Backpressure in Consumers

// Limit concurrent processing to avoid overwhelming downstream
@KafkaListener(
topics = "heavy-jobs",
containerFactory = "throttledListenerFactory"
)
public void processJob(HeavyJob job) {
// Process
}

@Bean
public ConcurrentKafkaListenerContainerFactory<String, HeavyJob> throttledListenerFactory(
ConsumerFactory<String, HeavyJob> cf) {
ConcurrentKafkaListenerContainerFactory<String, HeavyJob> factory =
new ConcurrentKafkaListenerContainerFactory<>();
factory.setConsumerFactory(cf);
factory.setConcurrency(2); // Only 2 concurrent consumers
factory.getContainerProperties().setPollTimeout(3000);
return factory;
}

Event-Driven Architecture Patterns

Event Notification

"Something happened" — consumer fetches full data if needed.

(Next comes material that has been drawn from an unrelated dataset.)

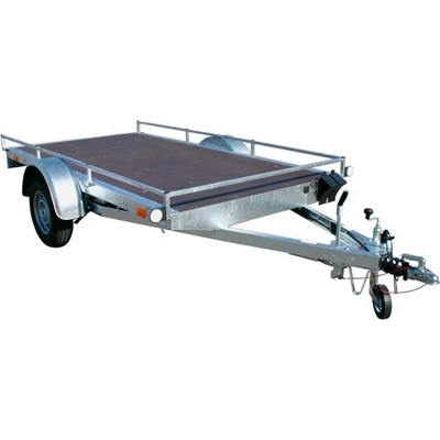 Nebrzděný přívěs s celkovou hmotností 750 kg. Ložná plocha 2650x1240x400 mm. Provedení s "V" ojí, plechové bočnice 400 mm s Al-Zn úpravou, 13" kola, 7pólová...
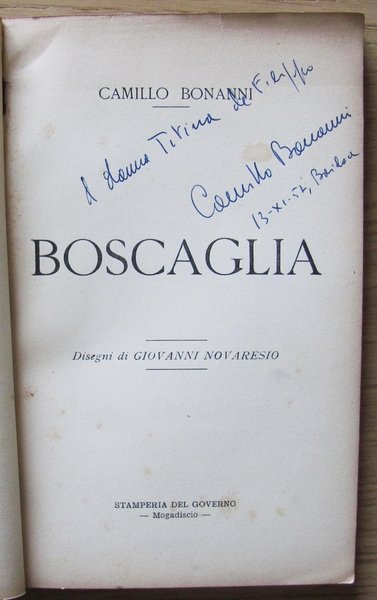 Dedica autografa dell?autore a Titina De Filippo al frontespizio. 8 tavole in b/n f.t. di Giovanni Novaresio. Stamperia del Governo - Mogadiscio, I edizione 1957. Brossura editoriale. 14x21; pp.109. Raro, Ottimo stato. , Buono (Good)

{ "type": "order.placed", "orderId": "12345" }

Event-Carried State Transfer

Event contains full state — no need to call back.

{ "type": "order.placed", "orderId": "12345", "items": [...], "total": 99.99 }

Event Sourcing

Events are the source of truth. See Database Design.


Kafka vs SQS Comparison

FeatureKafkaAWS SQS
ManagedNo (self-hosted) / Confluent CloudYes, fully managed
ReplayYesNo (FIFO queue, deleted on consume)
OrderingPer partitionFIFO queue only
RetentionDays–foreverUp to 14 days
Max message size1 MB (default)256 KB
Fan-outTopics + consumer groupsSNS → multiple SQS queues
Use caseEvent log, streamingSimple task queues

Interview Questions

  1. What is the difference between Kafka and RabbitMQ? When would you choose each?
  2. How does Kafka guarantee ordering of messages?
  3. What is a consumer group in Kafka and how does it enable parallelism?
  4. What is the difference between at-most-once, at-least-once, and exactly-once delivery?
  5. How do you implement an idempotent consumer?
  6. What happens during a Kafka consumer group rebalance?
  7. How would you design a fan-out system where one event needs to trigger 5 different services?
  8. What is the transactional outbox pattern and why is it needed with Kafka?
  9. How do you handle poison pill messages (messages that always fail)?
  10. How does Kafka's retention and replay capability enable event sourcing?